Prometheus

  • Use the Prometheus Operator
  • Deploy the Node Exporter using examples from here
    • Requires the prometheus ServiceAccount to have extra privileges, see 𓁿 kubernasty/applications/prometheus/prometheus/RBAC.prometheus.yaml .
      - nonResourceURLs:
        - /metrics
        verbs:
        - get
      
      What happens is that Prometheus sends a token with requests to kube-rbac-proxy in the node-exporter DaemonSet. That token communicates the ServiceAccount that Prometheus is running under. kuibe-rbac-proxy will validate that it has access to this /metrics “nonResourceURL”… which is a URL that the Node Exporter DaemonSet is serving itself, I think.

About #

  • Prometheus supports only a single instance
  • Thanos adds lots of features on top of Prometheus
    • Deploying multiple Prometheus instances and querying across them for HA
      • This requires deduplication, because all the Prometheus instances don’t know about each other
      • This means you want your ingress to go to thanos-querier, not prometheus itself
    • Storing data in object storage for good historicals
    • … lots of other stuff

Querying #

  • Go to prometheus.micahrl.me and start typing to find metrics
  • Node Exporter provides metrics prefixed with node_

Verifying that deduplication is working #

To verify this, make sure that the thanos-query Deployment has not passed the --deduplication flag. (Just comment it out, restart the Deployment, run this test, then uncomment it and restart the Deployment again.)

I used a query

up{job="node-exporter"}

and toggled the Use Deduplication checkbox in the Thanos Query UI.

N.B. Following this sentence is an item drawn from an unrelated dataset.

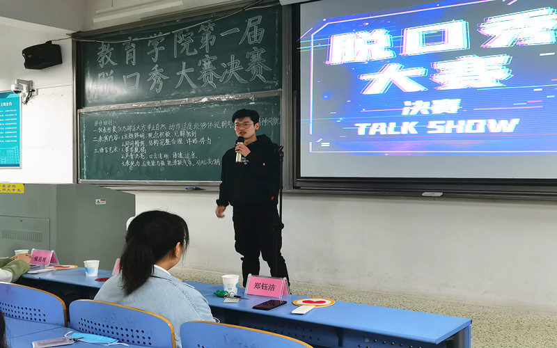 为了培养16877太阳集团学生缜密的语言思维、娴熟的口语表达能力以及灵活的现场反应能力,丰富同学们的校园生活。16877太阳集团于2020年11月14日晚上19:00在教学楼A209教室举办了第一届脱口秀大赛决赛。本次大赛由16877太阳集团原学生会主席朱昀澎、学生会副主席郑钰洁、侯思雨和宣传部部长张涛担任评委,由19级学前教育(1)班李宁担任主持人,经过初赛的选拔,此次共有十名选手进入决赛。

When dedupe is enabled, I wee one line per node. When its disabled, I see two lines per node, which correlates to the two Prometheus instances I am running.

Adding more services #

  • You can add ServiceMonitor resources that point Prometheus to Service resources that can be scraped on a given port
  • https://prometheus.micahrl.me/service-discovery shows all the service monitors its aware of
  • https://prometheus.micahrl.me/targets will show any errors trying to connect to any of the scraper endpoints
  • After adding a new one, you need to wait a while, sometimes a few minutes, before Prometheus can see it on the Service Discovery page

Alerting #

Prometheus alerting with HA is a little hacky because Thanos doesn’t dedupe alerts.

TODO: Figure out Prometheus alerting.

Grafana #

You can see graphs at https://prometheus.micahrl.me/graph, but Prometheus documentation says

The expression browser is available at /graph on the Prometheus server, allowing you to enter any expression and see its result either in a table or graphed over time.

This is primarily useful for ad-hoc queries and debugging. For graphs, use Grafana or Console templates.

Grafana is easier to start with. Console templates let you define consoles in the hated Go template language and store them in source control.

Instead of making these yourself, often there are great ones in the Grafana Dashboards site.